Segment Start: Exercise input
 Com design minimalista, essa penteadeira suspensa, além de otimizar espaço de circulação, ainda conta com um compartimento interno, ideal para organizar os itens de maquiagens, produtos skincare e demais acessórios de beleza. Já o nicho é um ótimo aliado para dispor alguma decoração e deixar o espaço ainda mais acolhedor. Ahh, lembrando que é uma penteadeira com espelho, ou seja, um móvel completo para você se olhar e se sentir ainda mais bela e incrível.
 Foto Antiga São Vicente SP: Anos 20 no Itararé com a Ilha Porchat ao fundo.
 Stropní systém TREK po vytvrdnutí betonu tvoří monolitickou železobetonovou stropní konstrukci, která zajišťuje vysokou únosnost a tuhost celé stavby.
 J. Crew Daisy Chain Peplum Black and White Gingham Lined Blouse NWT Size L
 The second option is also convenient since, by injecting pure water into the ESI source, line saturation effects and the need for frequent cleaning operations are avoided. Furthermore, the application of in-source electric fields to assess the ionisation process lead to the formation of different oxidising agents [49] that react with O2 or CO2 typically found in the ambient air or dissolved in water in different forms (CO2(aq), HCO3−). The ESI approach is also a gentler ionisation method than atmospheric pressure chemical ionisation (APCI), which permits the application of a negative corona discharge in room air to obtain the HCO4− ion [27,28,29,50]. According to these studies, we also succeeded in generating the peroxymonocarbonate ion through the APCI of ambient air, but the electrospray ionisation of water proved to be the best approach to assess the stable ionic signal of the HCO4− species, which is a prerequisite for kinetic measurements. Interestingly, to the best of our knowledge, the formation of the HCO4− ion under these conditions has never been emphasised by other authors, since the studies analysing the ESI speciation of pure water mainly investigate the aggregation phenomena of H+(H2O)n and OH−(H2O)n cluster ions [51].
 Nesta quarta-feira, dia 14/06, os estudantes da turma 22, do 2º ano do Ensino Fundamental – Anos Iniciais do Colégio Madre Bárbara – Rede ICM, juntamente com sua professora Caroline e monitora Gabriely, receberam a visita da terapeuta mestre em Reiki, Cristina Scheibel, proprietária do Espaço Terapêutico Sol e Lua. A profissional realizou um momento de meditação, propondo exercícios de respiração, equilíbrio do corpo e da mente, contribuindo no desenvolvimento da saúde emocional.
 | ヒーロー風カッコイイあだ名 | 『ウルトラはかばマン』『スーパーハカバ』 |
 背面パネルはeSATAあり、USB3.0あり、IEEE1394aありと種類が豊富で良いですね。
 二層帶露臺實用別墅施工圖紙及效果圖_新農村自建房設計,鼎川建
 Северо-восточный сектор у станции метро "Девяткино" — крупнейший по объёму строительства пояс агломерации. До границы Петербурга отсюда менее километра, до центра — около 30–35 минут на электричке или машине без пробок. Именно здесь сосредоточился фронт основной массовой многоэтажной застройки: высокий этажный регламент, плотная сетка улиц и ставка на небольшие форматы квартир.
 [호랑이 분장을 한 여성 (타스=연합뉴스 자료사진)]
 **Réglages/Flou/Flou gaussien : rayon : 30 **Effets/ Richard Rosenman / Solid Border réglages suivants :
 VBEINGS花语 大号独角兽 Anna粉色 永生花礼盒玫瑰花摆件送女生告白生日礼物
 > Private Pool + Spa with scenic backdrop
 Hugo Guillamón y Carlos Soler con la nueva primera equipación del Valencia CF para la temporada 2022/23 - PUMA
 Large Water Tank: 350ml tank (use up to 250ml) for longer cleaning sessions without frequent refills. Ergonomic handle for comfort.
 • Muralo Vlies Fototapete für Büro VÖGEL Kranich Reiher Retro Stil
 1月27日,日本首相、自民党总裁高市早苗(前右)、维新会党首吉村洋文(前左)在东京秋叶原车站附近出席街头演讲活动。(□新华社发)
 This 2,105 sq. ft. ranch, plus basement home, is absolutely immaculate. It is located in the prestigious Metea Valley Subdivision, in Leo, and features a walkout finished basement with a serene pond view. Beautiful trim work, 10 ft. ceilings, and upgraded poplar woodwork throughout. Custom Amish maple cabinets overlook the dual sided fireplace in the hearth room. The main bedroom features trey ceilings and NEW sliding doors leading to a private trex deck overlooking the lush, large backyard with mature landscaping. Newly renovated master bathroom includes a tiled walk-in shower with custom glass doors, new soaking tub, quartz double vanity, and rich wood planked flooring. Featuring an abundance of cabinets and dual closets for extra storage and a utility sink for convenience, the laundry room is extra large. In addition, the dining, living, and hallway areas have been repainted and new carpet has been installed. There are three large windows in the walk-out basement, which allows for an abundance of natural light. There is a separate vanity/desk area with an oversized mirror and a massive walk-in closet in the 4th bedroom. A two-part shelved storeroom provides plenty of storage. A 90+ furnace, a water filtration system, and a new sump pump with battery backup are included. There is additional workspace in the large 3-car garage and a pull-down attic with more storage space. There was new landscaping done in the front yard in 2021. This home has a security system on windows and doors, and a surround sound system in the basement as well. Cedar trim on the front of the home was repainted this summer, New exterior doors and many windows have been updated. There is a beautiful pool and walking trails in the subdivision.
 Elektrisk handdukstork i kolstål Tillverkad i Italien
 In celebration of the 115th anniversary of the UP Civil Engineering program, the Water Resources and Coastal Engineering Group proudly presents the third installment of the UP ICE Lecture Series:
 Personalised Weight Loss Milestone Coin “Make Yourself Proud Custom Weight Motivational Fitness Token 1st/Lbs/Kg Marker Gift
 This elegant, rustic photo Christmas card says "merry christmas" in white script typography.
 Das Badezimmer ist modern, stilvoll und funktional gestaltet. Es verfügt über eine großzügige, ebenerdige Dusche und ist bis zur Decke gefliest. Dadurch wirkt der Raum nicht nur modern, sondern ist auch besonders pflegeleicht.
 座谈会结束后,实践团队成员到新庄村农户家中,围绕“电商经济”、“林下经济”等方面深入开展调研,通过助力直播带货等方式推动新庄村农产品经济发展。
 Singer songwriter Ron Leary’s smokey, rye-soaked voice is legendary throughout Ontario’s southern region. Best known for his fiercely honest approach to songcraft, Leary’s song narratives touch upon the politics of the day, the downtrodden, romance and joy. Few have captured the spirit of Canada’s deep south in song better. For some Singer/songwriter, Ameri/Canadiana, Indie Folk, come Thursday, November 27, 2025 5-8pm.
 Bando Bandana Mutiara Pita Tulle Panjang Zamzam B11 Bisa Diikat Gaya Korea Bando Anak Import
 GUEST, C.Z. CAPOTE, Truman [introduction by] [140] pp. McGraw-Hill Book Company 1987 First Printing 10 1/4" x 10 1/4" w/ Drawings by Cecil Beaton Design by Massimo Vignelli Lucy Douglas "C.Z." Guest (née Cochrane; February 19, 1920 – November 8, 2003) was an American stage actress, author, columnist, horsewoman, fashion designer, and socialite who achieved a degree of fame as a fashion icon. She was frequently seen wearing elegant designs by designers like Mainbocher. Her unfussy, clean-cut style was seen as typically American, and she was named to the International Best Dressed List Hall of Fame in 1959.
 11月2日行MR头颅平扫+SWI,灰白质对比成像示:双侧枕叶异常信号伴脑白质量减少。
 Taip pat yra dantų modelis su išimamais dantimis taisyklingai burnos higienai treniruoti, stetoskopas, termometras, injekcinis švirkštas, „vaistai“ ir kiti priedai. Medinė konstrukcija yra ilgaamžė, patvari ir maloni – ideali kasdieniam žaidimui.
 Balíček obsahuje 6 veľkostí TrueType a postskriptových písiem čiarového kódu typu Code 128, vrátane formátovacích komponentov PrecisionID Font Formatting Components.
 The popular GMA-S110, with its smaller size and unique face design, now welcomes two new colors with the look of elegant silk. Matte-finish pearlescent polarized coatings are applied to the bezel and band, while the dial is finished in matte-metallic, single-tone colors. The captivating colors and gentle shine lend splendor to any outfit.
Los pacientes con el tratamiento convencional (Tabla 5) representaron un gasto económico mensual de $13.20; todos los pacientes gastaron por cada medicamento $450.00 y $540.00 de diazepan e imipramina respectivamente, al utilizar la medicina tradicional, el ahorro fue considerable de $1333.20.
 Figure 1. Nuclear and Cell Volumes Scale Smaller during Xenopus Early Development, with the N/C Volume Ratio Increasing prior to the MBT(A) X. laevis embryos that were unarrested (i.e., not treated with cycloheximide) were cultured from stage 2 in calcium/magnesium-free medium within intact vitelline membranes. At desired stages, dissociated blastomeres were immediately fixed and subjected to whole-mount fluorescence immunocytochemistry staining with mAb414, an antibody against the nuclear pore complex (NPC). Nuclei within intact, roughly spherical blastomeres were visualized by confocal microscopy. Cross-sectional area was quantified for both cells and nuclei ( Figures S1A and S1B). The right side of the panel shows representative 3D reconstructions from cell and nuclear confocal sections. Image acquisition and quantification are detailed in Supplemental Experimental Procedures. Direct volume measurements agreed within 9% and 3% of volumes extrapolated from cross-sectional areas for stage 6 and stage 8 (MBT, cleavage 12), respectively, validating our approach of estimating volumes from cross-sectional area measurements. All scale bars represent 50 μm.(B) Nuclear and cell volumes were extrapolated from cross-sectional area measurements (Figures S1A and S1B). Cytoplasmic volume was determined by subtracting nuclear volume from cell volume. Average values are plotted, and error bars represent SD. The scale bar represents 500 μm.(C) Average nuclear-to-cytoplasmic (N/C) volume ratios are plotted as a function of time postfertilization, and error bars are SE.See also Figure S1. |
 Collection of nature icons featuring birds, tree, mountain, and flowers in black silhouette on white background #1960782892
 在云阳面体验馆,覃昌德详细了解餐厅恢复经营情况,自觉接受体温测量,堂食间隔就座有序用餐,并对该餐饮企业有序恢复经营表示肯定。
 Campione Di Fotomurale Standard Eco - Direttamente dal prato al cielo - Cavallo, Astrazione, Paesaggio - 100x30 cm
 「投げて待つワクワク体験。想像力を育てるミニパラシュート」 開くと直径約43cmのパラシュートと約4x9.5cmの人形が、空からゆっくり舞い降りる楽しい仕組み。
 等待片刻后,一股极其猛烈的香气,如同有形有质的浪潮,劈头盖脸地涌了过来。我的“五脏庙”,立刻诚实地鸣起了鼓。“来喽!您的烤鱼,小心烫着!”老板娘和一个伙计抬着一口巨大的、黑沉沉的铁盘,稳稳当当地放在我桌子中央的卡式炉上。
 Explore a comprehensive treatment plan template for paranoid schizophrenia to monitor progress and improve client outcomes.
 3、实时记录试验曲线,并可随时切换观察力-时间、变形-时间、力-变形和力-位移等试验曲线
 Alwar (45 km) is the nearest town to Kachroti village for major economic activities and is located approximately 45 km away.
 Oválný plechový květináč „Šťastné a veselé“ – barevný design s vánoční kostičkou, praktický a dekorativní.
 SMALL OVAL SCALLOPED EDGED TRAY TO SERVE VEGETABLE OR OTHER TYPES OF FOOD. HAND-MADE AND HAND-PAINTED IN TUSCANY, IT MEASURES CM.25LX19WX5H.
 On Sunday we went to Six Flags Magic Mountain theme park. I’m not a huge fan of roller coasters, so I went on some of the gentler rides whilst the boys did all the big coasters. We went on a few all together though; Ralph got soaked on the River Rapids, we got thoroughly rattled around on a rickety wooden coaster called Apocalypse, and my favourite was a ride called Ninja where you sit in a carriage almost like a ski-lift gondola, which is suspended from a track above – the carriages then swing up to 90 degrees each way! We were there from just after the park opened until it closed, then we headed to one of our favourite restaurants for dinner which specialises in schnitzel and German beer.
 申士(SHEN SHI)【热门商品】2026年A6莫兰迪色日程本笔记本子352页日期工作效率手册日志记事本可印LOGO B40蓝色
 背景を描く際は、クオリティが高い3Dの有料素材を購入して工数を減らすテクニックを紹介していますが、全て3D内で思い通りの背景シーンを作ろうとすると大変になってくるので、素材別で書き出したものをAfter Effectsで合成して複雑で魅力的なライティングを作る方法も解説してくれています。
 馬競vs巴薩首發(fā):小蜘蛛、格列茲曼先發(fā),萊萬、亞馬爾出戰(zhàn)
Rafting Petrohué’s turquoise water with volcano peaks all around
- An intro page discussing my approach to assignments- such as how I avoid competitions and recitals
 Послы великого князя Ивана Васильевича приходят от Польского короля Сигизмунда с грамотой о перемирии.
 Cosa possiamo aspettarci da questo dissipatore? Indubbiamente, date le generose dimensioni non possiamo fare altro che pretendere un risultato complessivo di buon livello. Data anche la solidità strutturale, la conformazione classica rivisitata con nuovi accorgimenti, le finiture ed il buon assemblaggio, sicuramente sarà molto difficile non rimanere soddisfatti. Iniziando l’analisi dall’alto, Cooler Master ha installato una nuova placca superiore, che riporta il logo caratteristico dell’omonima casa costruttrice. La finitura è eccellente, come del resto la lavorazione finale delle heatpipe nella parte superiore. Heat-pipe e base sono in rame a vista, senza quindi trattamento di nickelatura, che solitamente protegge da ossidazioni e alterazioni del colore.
Segment End: Exercise input
» **Task goal**: Repeat each line of the data above, exactly as it appears, from the first through the line that contains "Foto Antiga São".

» **Result below**:
 Com design minimalista, essa penteadeira suspensa, além de otimizar espaço de circulação, ainda conta com um compartimento interno, ideal para organizar os itens de maquiagens, produtos skincare e demais acessórios de beleza. Já o nicho é um ótimo aliado para dispor alguma decoração e deixar o espaço ainda mais acolhedor. Ahh, lembrando que é uma penteadeira com espelho, ou seja, um móvel completo para você se olhar e se sentir ainda mais bela e incrível.
 Foto Antiga São Vicente SP: Anos 20 no Itararé com a Ilha Porchat ao fundo.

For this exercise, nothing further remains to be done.